Citigroup and HSBC were in the news on Friday as the Wall Street Journal claimed they were preparing to sell off units to raise capital and prepare for rough times ahead. Citigroup is expected to sell or shutter several of its mid-sized units worth $12 billion or more. These are considered non-critical assets and could be sold to raise additional capital. Units possibly up for sale include Student Loan Corp, its North American auto lending business, Brazilian credit card company Redecard SA and its Japanese finance business. HSBC could exit all or part of its $13 billion auto finance business according to the Journal. Citi is expected to announce more job cuts above the already announced 17,000. Citi employs 300,000 workers in over 100 countries.

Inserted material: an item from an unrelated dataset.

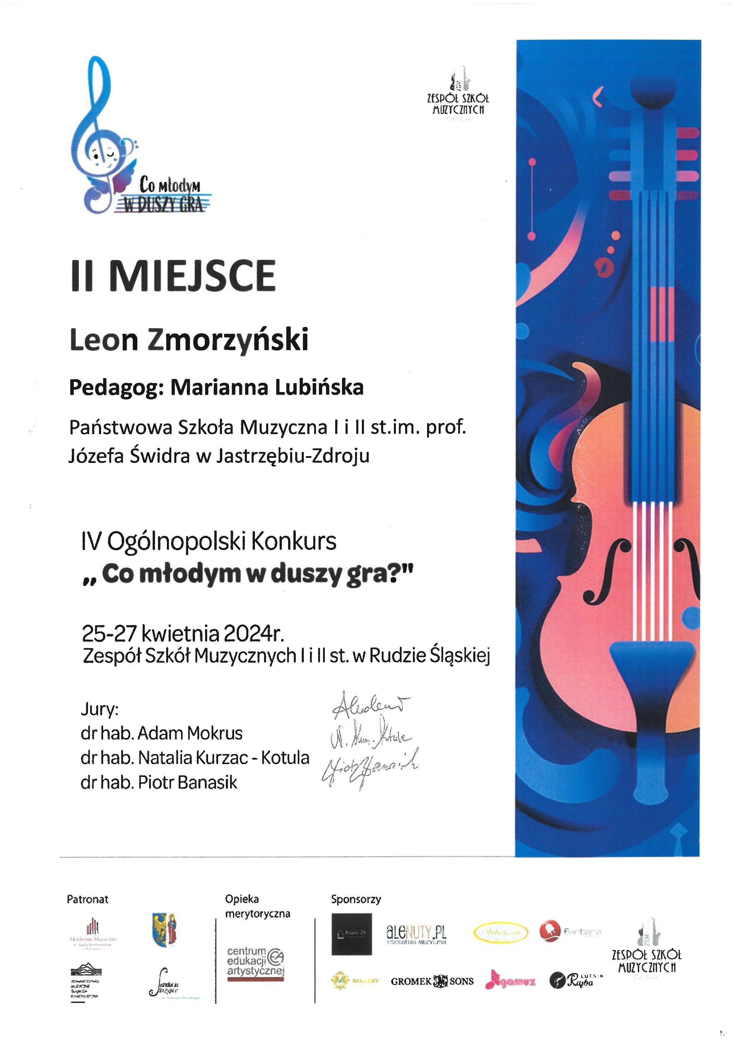 - II MIEJSCE - IV Ogólnopolski Konkurs „Co młodym w duszy gra?”, Ruda Śląska, 25-27.04.2024r.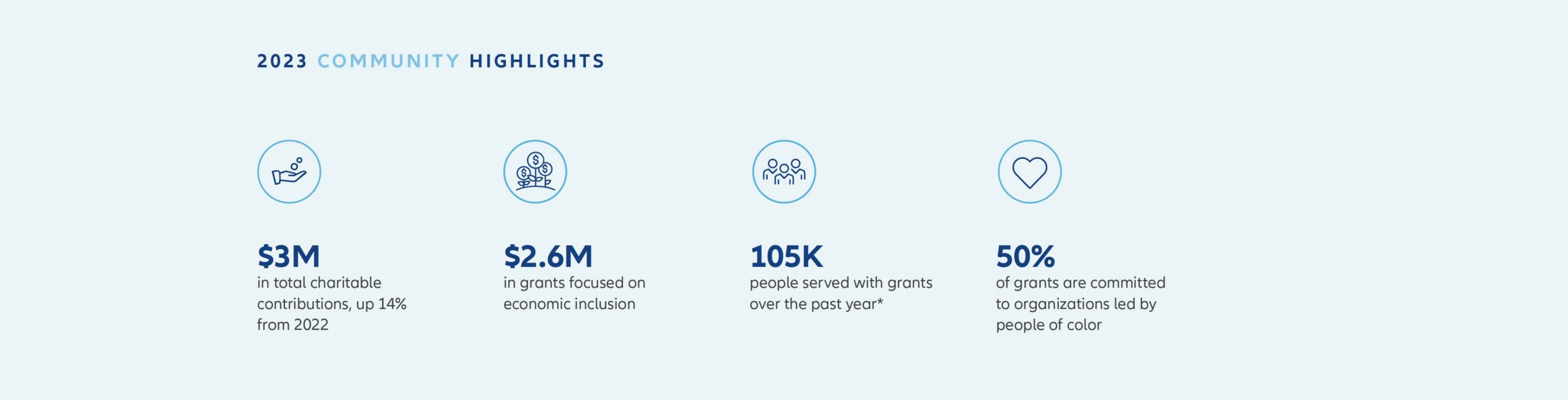We support partners across the journey to a strong tomorrow by focusing on financial stability, financial sustainability, and financial security. In 2023, we made $3M in grants, reaching more than 105,000 people across this journey.

The NYSE won the bragging rights for new business in 2007. There were 425 new IPOs worth more than $78 billion. There is no news yet about the potential for a repeat in 2008. 25 of those IPOs were Chinese companies. With the Chinese market up +97% for the year the odds are good there will be some more IPOs to follow. Meanwhile the CME is about to break initial support on the news the 12 major banks are going to start their own futures exchange.
CME Chart - 60 min
Amazon moved close to a new high on Friday after it was announced they were selling 17 Nintendo Wii games per second when the games were in stock prior to Christmas. Amazon said this was the best holiday season in its 13 years as a web merchant. Dec-10th was the busiest day with customers buying 5.4 million items. They shipped 3.9 million items on their biggest shipping day. I cannot even conceive of the scale needed to process and ship 3.9 million orders in one day. Just exactly how many UPS trucks does that take to make the pickup? Amazon has definitely grown up into the dominant merchant on the web. Now the real trick will be if their stock can avoid the normal January decline. Shorting AMZN on Jan-2nd has been a consistent winning trade but recent strong earnings may have jinxed that trend.
Amazon Chart - Daily
Wal-Mart closed its movie download service that it launched less than a year ago. Wal-Mart accounts for 40% of all DVD sales but the download service was never a big hit. Wal-Mart tried a DVD rental business as well but gave up on that in 2005 and turned the service over to Netflix. Wal-Mart still operates a music download service. Wal-Mart blamed the decision on Hewlett-Packard, which provided the software running the site. Wal-Mart said Hewlett "made a business decision to discontinue its video download merchant store service." HPQ said it dropped the service because it was not performing as expected. Last month AOL scrapped its pay-for-download movie service. That leaves only Apple iTunes and Amazon's Unbox service as the remaining video download options. WMT stock failed to move on the announcement. The problem with the video download service is the time required for the download and they won't run on normal DVD players. Watching a movie on your PC just has not caught on yet when players like cable giant Comcast offer thousands of videos at a cheaper price that play on your TV. ITunes just announced an alliance with News Corp's Fox to rent digital movie downloads. With more and more entertainment center receivers offering iPod connections it appears companies like Blockbuster and Netflix have another wave of competitive pressure ahead. Netflix passed on a partnership with Tivo to allow movies to be downloaded directly so it may have shot itself in the foot with that decision.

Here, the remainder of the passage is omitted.